Bagging trains the several different models with different datapoints randomly sampled (with replacement, ie same samples can be redrawn) from the same dataset. Bagging is effective on “unstable” learning algorithms (such as DNNs) where small changes in the training set result in large changes in predictions.

Boosting produces a series of classifiers. The training set used for each member of the series is chosen based on the performance of the earlier classifier(s) in the series. Examples that are incorrectly predicted by previous classifiers in the series are chosen more often than those correctly predicted. Thus Boosting attempts to produce new classifiers that are better able to predict examples for which the current ensemble’s performance is poor. Ada-Boosting can use the approach of (1) selecting a set of examples based on the probabilities of the examples, or (2) simply using all of the examples and weight the error of each example by the probability for that example (i.e., examples with higher probabilities have more effect on the error) – easier as these probabilities are incorporated in the dataset.

2011 Cyclical Learning Rates for Training Neural Networks, US Naval Research Lab, 2017

The author claims that cyclic learning rates improve time to convergence and increases accuracy of most models. It suggests triangular scheduler as a efficient method with similar results to other non-triangular cyclic schedulers. The paper also provides a method to find a good initial learning rate by doing several training short sessions (8 iterations) with different learning rates and picking the best initial learning rate from the analysis. Finally, provides “rule of thumb” parameters for min and max learning rates in the triangular scheduler proposed.

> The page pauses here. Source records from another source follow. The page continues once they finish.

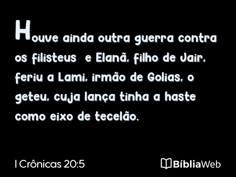 Versículo 5 de I Crônicas 20 da Bíblia. Almeida Revisada e Atualizada (1993)
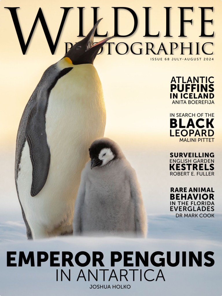 The just-published July / August 2024 issue of Wildlife Photographic magazine includes one of my photographs of Emperor Penguins on the front cover and a feature article on my experiences photographing Emperors in the deep south of Antarctica. This is the seventh time I have been published in Wildlife Photographic and the sixth time I have been fortunate to score the cover shot! (the last five cover shot editions were on Walrus photography, Grey Wolf Photography, Pallas Cat Photography, Arctic Fox Photography, and Polar Bear Photography). I have also been previously been published in Wildlife Photographic for my Emperor Penguin photography.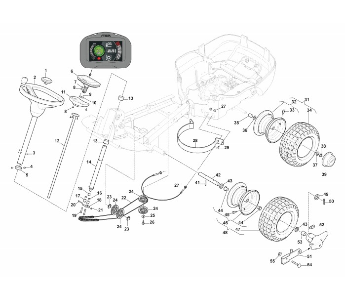 Beachten Sie bitte, dass die Gerätebezeichnung Stiga Frontaufsitzmäher E-Park 220, das Baujahr ab 2019 und die Geräte Nr. 2F5828001/ST1 lauten muss, denn nur so kann sichergestellt werden, dass das Ersatzteil passt. Nur die hier aufgeführten Ersatzteile sind für dieses Gerät verfügbar. Alle anderen Ersatzteile sind nicht mehr lieferbar. Ersatzteile von Stiga Frontaufsitzmäher E-PARK 220 (Geräte ID 2F5828001/ST1) Baujahr ab Bj 2019: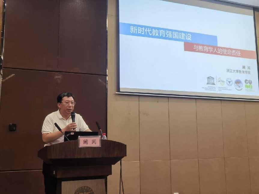 阚阅院长从教育学的前世今生切入,回顾了学院发展历程和诸多前辈先贤的事迹,围绕“一是为什么要提出教育强国建设,二是教育强国建设的目标和指向是什么, 三是如何推进和深化教育强国建设”三个方面展开。从教育救国道路上教育学人的追求与坚守到教育兴国征程上努力与突破,国际上关于教育第一的全球倡议和教育变革的全球行动这一国际共识,彰显了教育强国建设意义重大。“教育、科技、人才是全面建设社会主义现代化国家的基础性、战略性支撑。“中国教育现代化2035八大理念和基本原则,明确了2020年、2025年的发展目标。面向建设教育强国的征程中,要建立中国特色社会主义强国,以立德树人为根本任务,以服务中华民族伟大复兴为重要使命,教育理念体系制度内容方法治理现代化为基本路径,不断完善各种学制考察科学依据,进行研究改革创新,办好为人民服务的教育,要用好系统性思维,加强顶层设计和整体谋划,必须跳出教育看教育、立足全局看教育,放眼长远看教育,教育只是社会的一部分,需要根据国家与社会发展的需要去定位教育的发展。在推动基本公共服务均等化的过程中,实现优质教育资源供给。推动“人的全面发展”与“全体人民共同富裕取得更为明显的实质性进展”紧密联系在一起,发挥教育的作用。完善教育评价这一事关教育发展方向,是教育改革的关键环节等内容,逐步有效实现教育强国建设。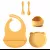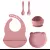 5PCS Silicone Baby Feeding Set with Suction Plate, Spoon, Fork & Bib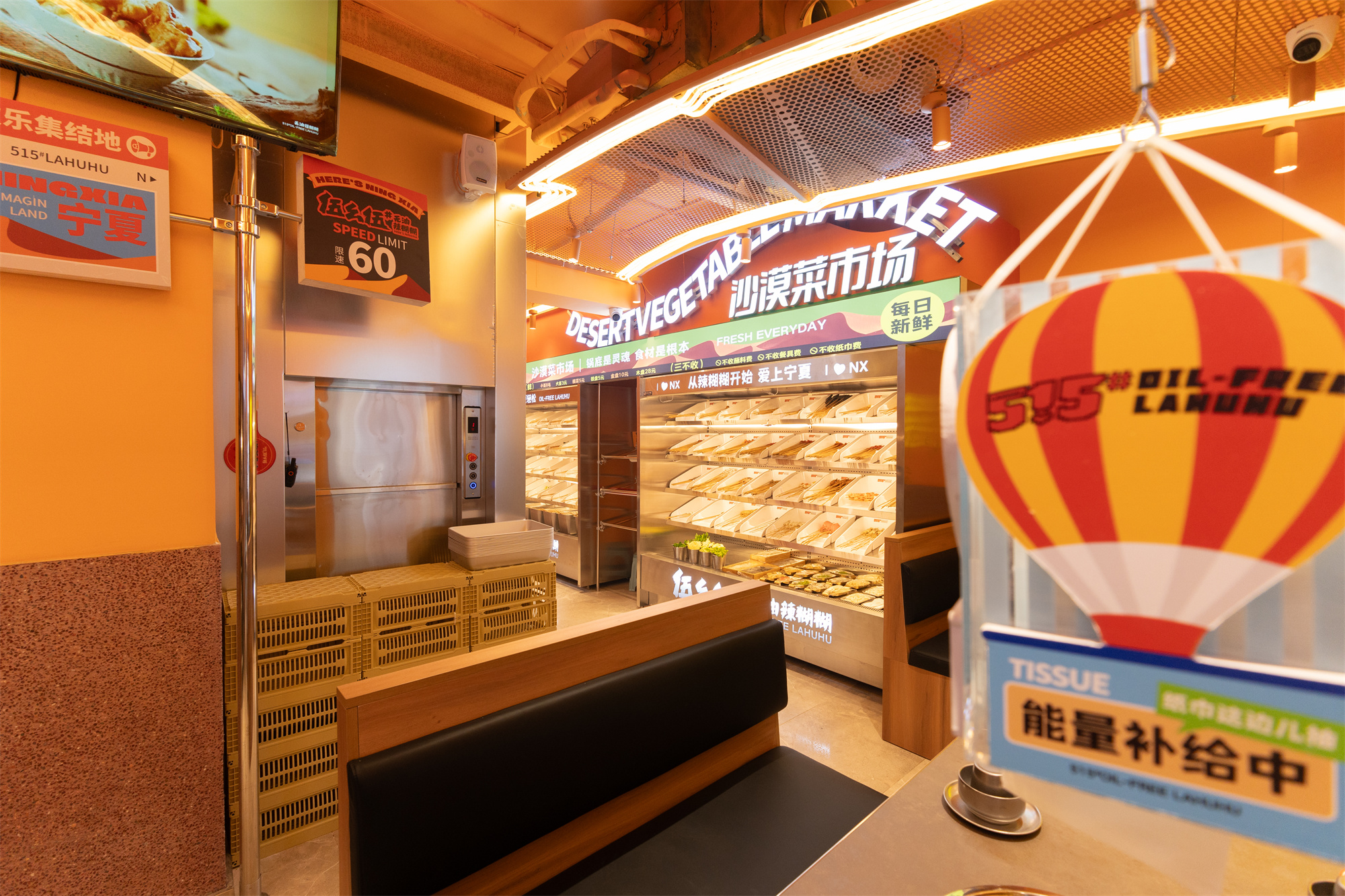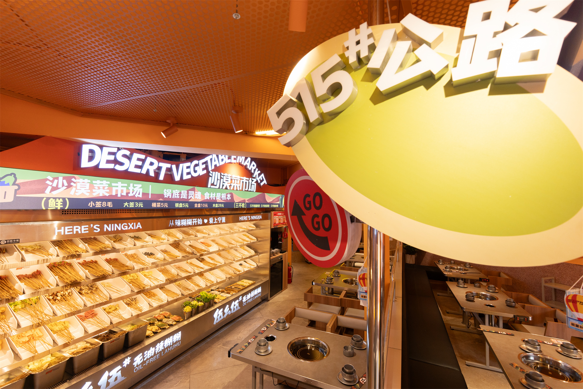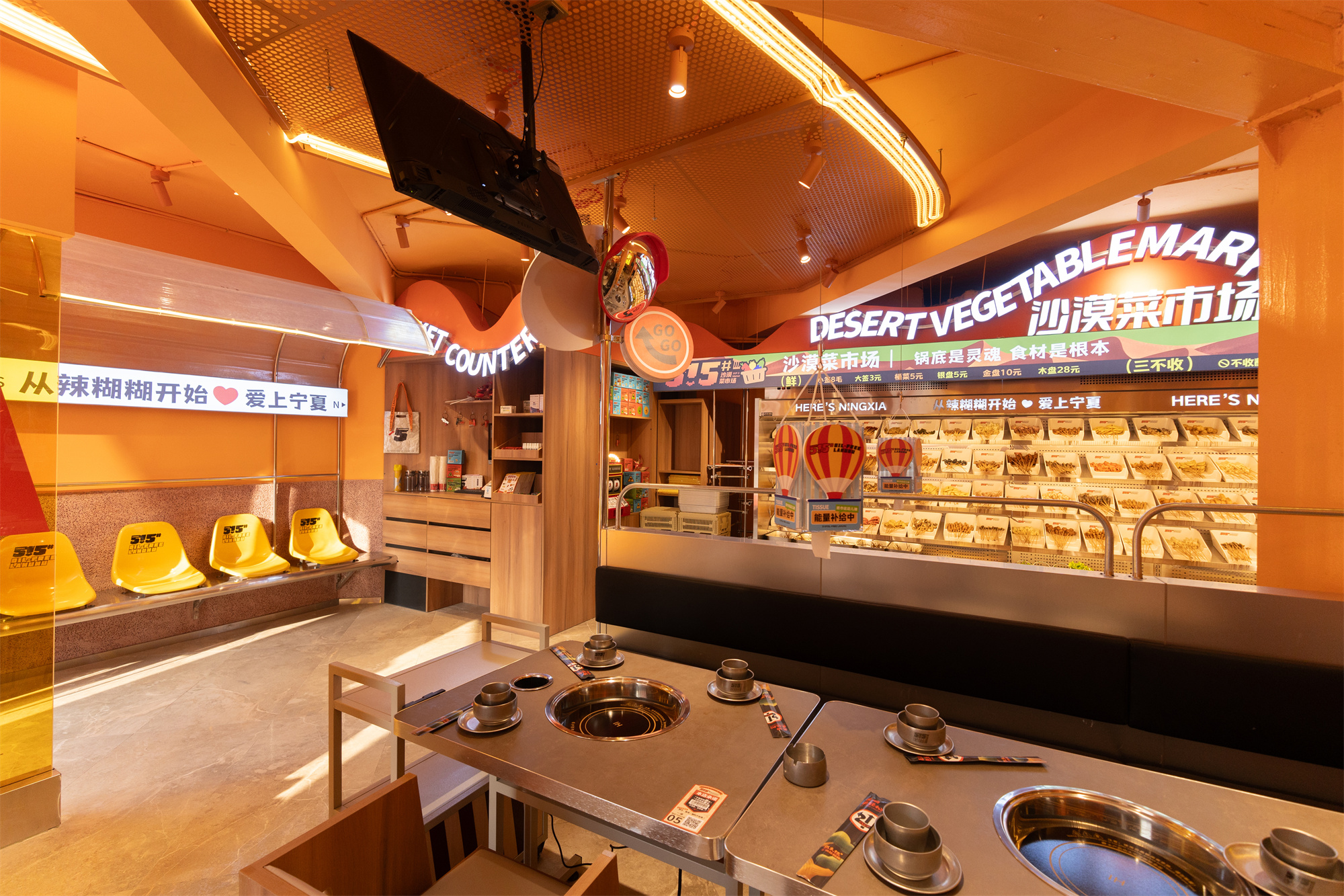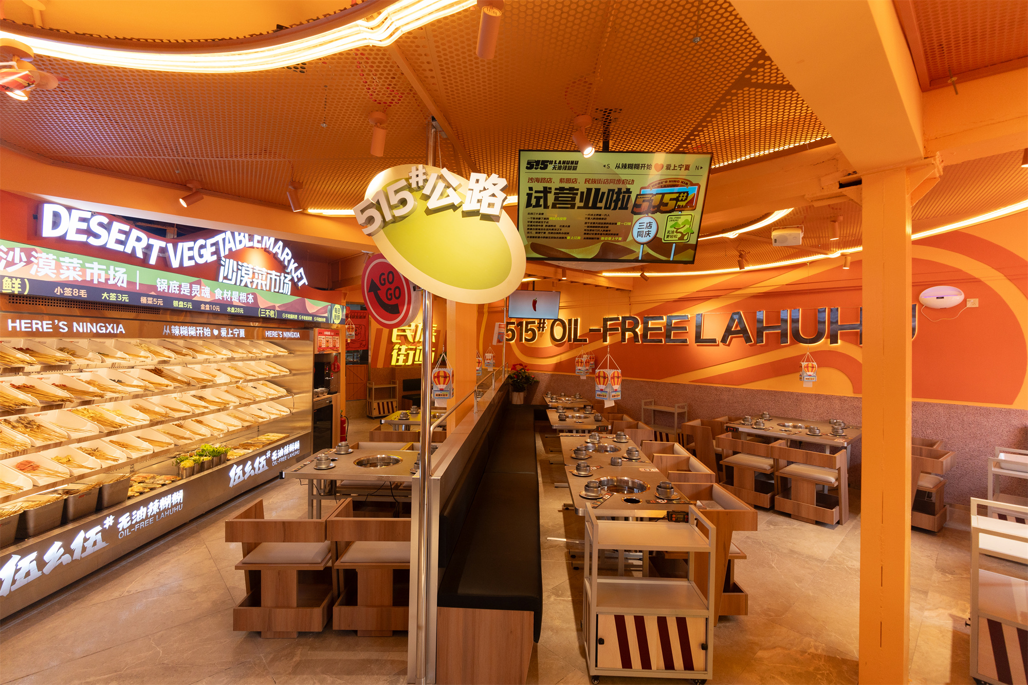 空间布局:我们在空间设计里,没有刻板的做宁夏文化,也没有煽情的植入情怀。而是把西北的公路文化代入空间,让它作为一个串联的纽带,不在情感上煽情扭捏,不在文化上杜撰,我们要做的是营造一个场域,一个可以让不同年龄段的人都可以在这里感受到热情,在空间里可以肆意欢乐的空间,这就是伍幺伍,我们用空间、设计、和味道来结合,让大家不同的欢乐都可以融合的地方。

2006 Dimensionality Reduction by Learning an Invariant Mapping (contrastive loss), New York Uni, CVPR 2006

The paper presents Dimensionality Reduction by Learning an Invariant Mapping (DrLIM). The problem is to find a function that maps high dimensional input patterns to lower dimensional outputs, given neighborhood relationships between samples in input space. It presents the Contrastive Loss Function. The contrastive loss trains 2 siamese networks, and encourages the model to learn a representation space where similar samples are close together, and dissimilar samples are far apart. A Siamese Network is a type of neural network architecture designed to compare two inputs by learning their similarity or relationship. It consists of two identical subnetworks (hence the name “Siamese”) that share the same architecture and weights. Each subnetwork processes one of the two inputs independently, and the outputs are then combined to compute a similarity score or distance metric. The input to system is a pair of images (one to each of the siamese networks) and the dissimilarty label (0 for dissimilar images or 1 for similar images). The images are passed through the functions, yielding two outputs \(G(X_1)\) and \(G(X_2)\). The cost module then computes the euclidian distance between both outputs as \(D_W(G_W(X_1), G_W(X_2))\). The objective is formulated in terms of the similarity label \(y\) (1 for similar, 0 for dissimilar) and the euclidian distance \(D\) between the two images as:

\[L = \frac{1}{2} ⋅y⋅D^2 + \frac{1}{2} ⋅(1−y)⋅max(0,m−D)^2\]

where \(m\) is a margin hyperparameter that sets the minimum distance for dissimilar pairs. The architecture is a siamese architecture, two copies of the same network which share the same set of parameters, and a cost module. The total gradient is the sum of the contributions from the two instances.